= Agencies of the European Union =

Distinct body of the European Union

The European Union and Euratom have agencies, decentralised independent bodies, corporate bodies and joint undertakings which are established as juridical persons through secondary EU legislation and tasked with a specific narrow field of work. They are a part of the wider set of bodies of the European Union and Euratom and are therefore distinct from:
- international law juridical persons established through primary (treaty) legislation, either as an EU institution (the European Central Bank) or as an EU body of another type (such as the European Investment Bank Group entities, the European University Institute, the European Stability Mechanism or the Unified Patent Court)
- other EU institutions
- other EU bodies lacking juridical personality, including the advisory bodies, the independent offices held by a single person (European Ombudsman, European Data Protection Supervisor), and the (non-independent, auxiliary) EU inter-institutional services, regardless of whether established through treaty or through secondary legislation
- the pan-EU organisational forms which are not considered constituent bodies of the EU or Euratom, regardless of whether possessing juridical personality (European Research Infrastructure Consortium, European political party, European political foundation, European grouping of territorial cooperation, Societas Europaea, Societas Cooperativa Europaea) or lacking it (European economic interest grouping)

==Overview==
In contrast to other EU bodies established through secondary legislation, each of more than fifty such entities has its own juridical personality granted by the EU law, recognised across the EU, and in some cases, also across the EEA countries, Switzerland, Serbia, Ukraine, the United Kingdom and Turkey. Nevertheless, in relations with other non-EU third countries, they are in general not recognised as independent entities, thus being considered either parts of the juridical personality of the EU or Euratom.

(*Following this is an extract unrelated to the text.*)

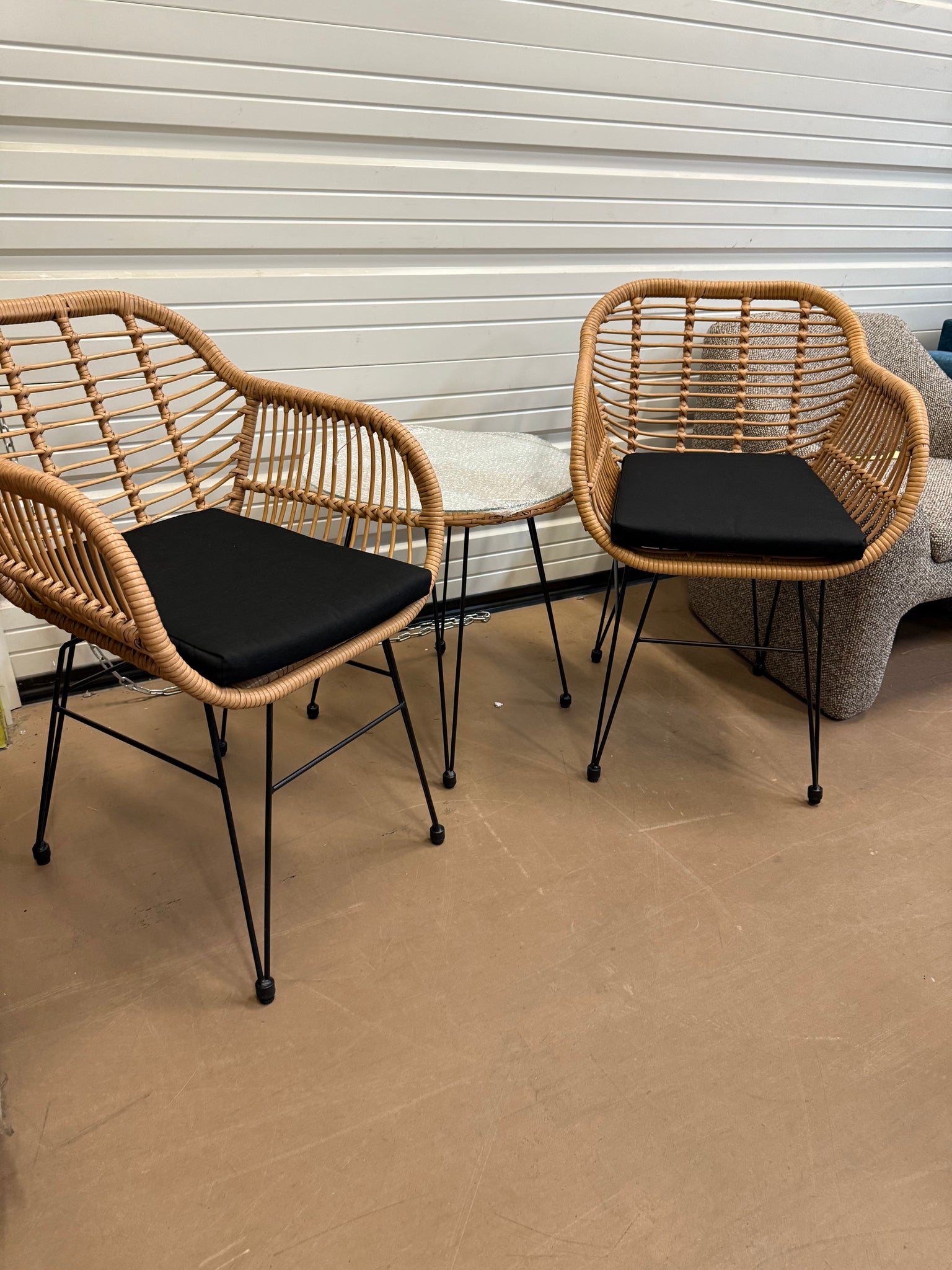 -Modern design - with clean lines contrasted perfectly by its round edges, our rattan chat set is the ideal modern accessory for your outdoor space, finished with thin angled legs, this set not only offers a sleek, minimalistic look but also provides a stable structure

Some of the agencies, decentralised independent bodies and joint undertakings of the European Union and Euratom are tasked with answering the need to develop scientific or technical know-how in certain fields, others bring together different interest groups to facilitate dialogue at European and international level.

==Existing agencies==
They are divided into the following groups:

===Decentralised agencies of the EU===
Distinct from the EU institutions, the agencies of the European Union are specialist bodies set up to advise the Institutions and Member States in areas that affect everyone living in the Union. They are located in member states across the EU, providing services, information, and know-how. The total budget of all the decentralised agencies is approximately 0.8% of the EU's annual budget.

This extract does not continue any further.